NewsClaude Fable 5 is Anthropic's most capable publicly available AI model, built for long, complex, multi-step work like large code migrations, deep research, and autonomous multi-day tasks. You access it through the Claude API using the model string "claude-fable-5," through claude.ai on Pro, Max, Team, and select Enterprise plans, or through Amazon Bedrock, Google Cloud, and Microsoft Foundry. Fable 5 matters for AI engineers and product teams because it changes how much work you can hand off to a model without supervising every step.
What Is Claude Fable 5, and Who Can Access It?
Claude Fable 5 is a Mythos-class model, Anthropic's top capability tier, released for general use on June 9, 2026. Anthropic built Fable 5 for ambitious coding projects, multi-stage knowledge work, and long-horizon autonomous sessions that stretch across hours or days. The model shares its underlying architecture with Claude Mythos 5, but Fable 5 carries additional safety classifiers that Mythos 5 does not.
Developers reach Fable 5 through the Claude API, Claude Platform on AWS, Amazon Bedrock, Google Cloud, and Microsoft Foundry. Claude.ai subscribers on Pro, Max, Team, and select Enterprise plans get access through the model picker in the chat interface. Mythos 5, by contrast, stays limited to vetted organizations inside Anthropic's Project Glasswing program.
Why Setup and Access Rules Matter Right Now
Access to Claude Fable 5 has changed twice since launch, and both changes affect how you should plan a rollout. Anthropic suspended Fable 5 and Mythos 5 on June 12, 2026, after the U.S. Department of Commerce applied export controls tied to a reported jailbreak. Amazon researchers had found a prompting method that led Fable 5 to identify a small number of previously known, minor software vulnerabilities.

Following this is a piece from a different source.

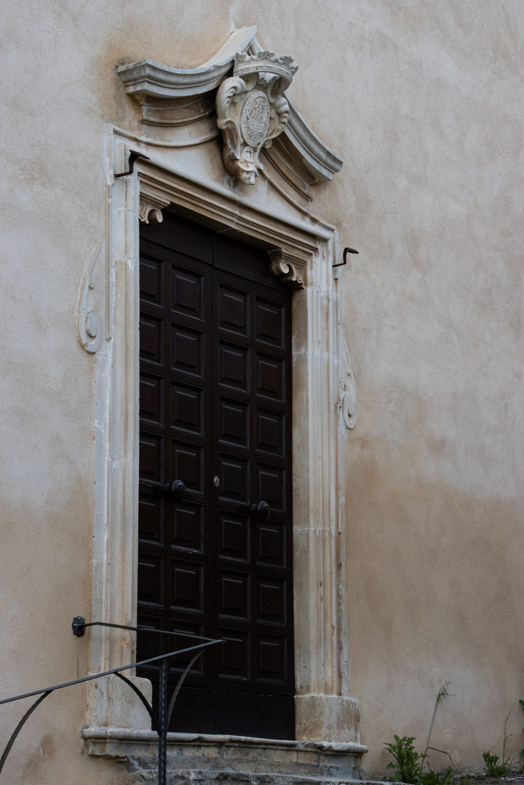 Sorge sul luogo ove si trovava la Chiesa di San Pelino, dove alla fine del ‘500 si insediò una comunità di frati domenicani, abolita da Papa Innocenzo X nel 1652: da allora la chiesa entrò in uno stato di abbandono, aggravato dalla peste del 1658 e dal terremoto del 1703. Della chiesa non rimane nulla, se non i toponimi san pulìnë, Piazza e Porta San Pelino. Fu cura dell’Arciprete Francesconi il rinnovarla dedicandola al SS. Rosario, con lavori che iniziarono nel 1726, ultimati nell’arco di un cinquantennio: da qui il suo aspetto barocco.
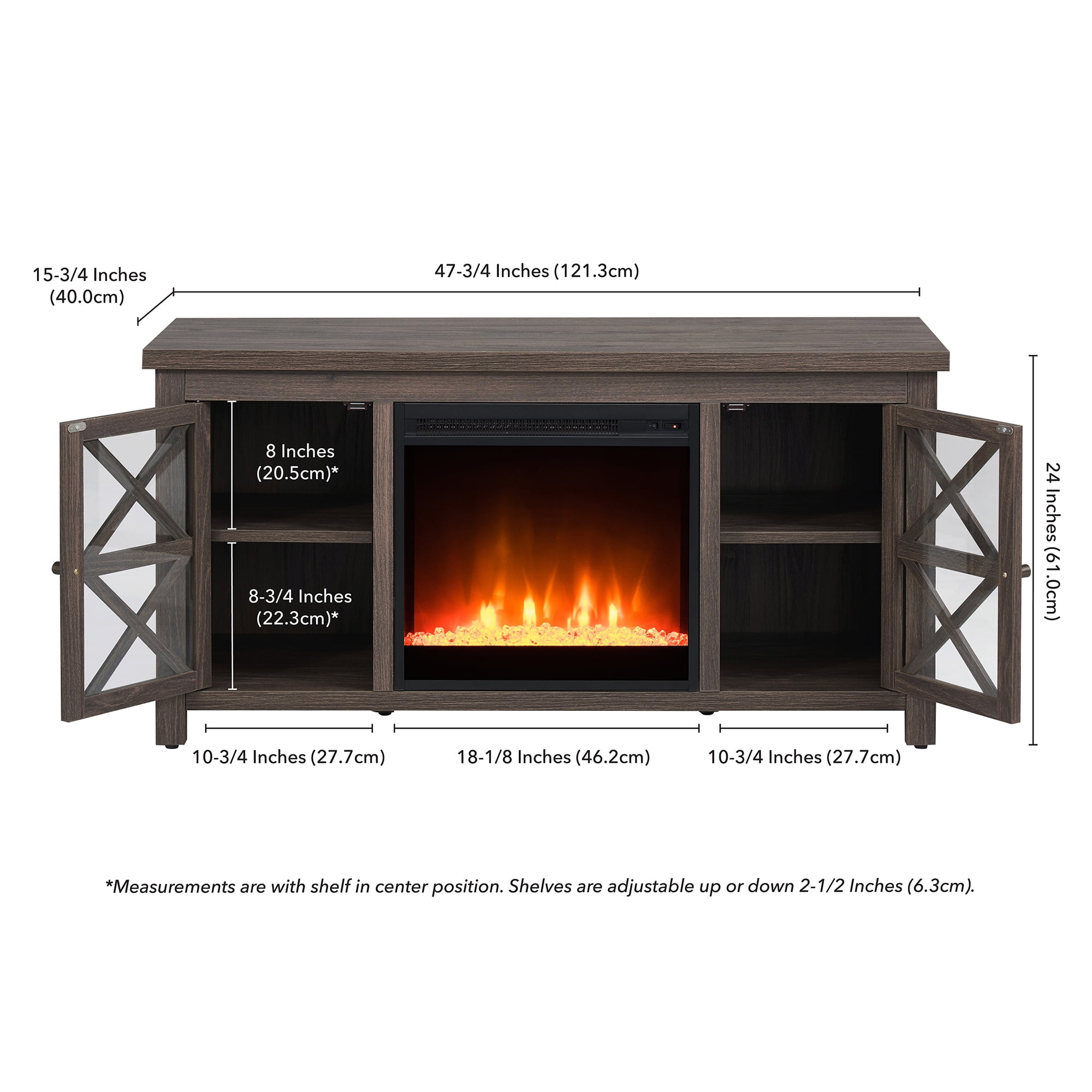 Accommodates TVs up to 55″.Features an electric fireplace insert with crystal-look rocks and LED faux-flames.Fireplace insert features 4777 BTUs (heat coverage for 400 sq. feet) and an automatic temperature cut-off for safety.

Anthropic tested the same prompts against Claude Opus 4.8, GPT-5.5, and other competing models and found they could surface the same vulnerabilities. The Department of Commerce lifted the export controls on June 30, 2026, and Anthropic restored full access on July 1, 2026. Anthropic also shipped an improved safety classifier that blocks the reported technique in more than 99% of attempts. Build your integration assuming access rules can shift again, and keep a fallback model configured.
What Governs How Claude Fable 5 Operates?

Anthropic's own safety classifiers, not a single external regulator, govern what Claude Fable 5 will and will not do. The model automatically declines certain requests in cybersecurity, biology, chemistry, and health and routes those queries to Claude Opus 4.8 instead. A declined request returns stop_reason: "refusal" as a standard HTTP 200 response, not an error, and the API reports which classifier triggered the decline.
Claude Fable 5 also carries mandatory 30-day data retention for safety monitoring. Anthropic classifies Fable 5 and Mythos 5 as Covered Models, which means they are not available under a zero data retention arrangement. Confirm this data retention requirement with your compliance team before sending production or client data through the model.
Understanding how a model works is a useful first step. But knowing it exists and knowing how to prompt it, structure a workflow around it, and handle refusals under real project deadlines are two different skills. Our Generative AI and Prompt Engineering Masterclass gives engineers and product teams the hands-on framework to apply models like this correctly in the agentic workflows they actually build — not just in a reference guide.
How to Access and Set Up Claude Fable 5: A Checklist
Use this checklist before you send your first production request to Claude Fable 5.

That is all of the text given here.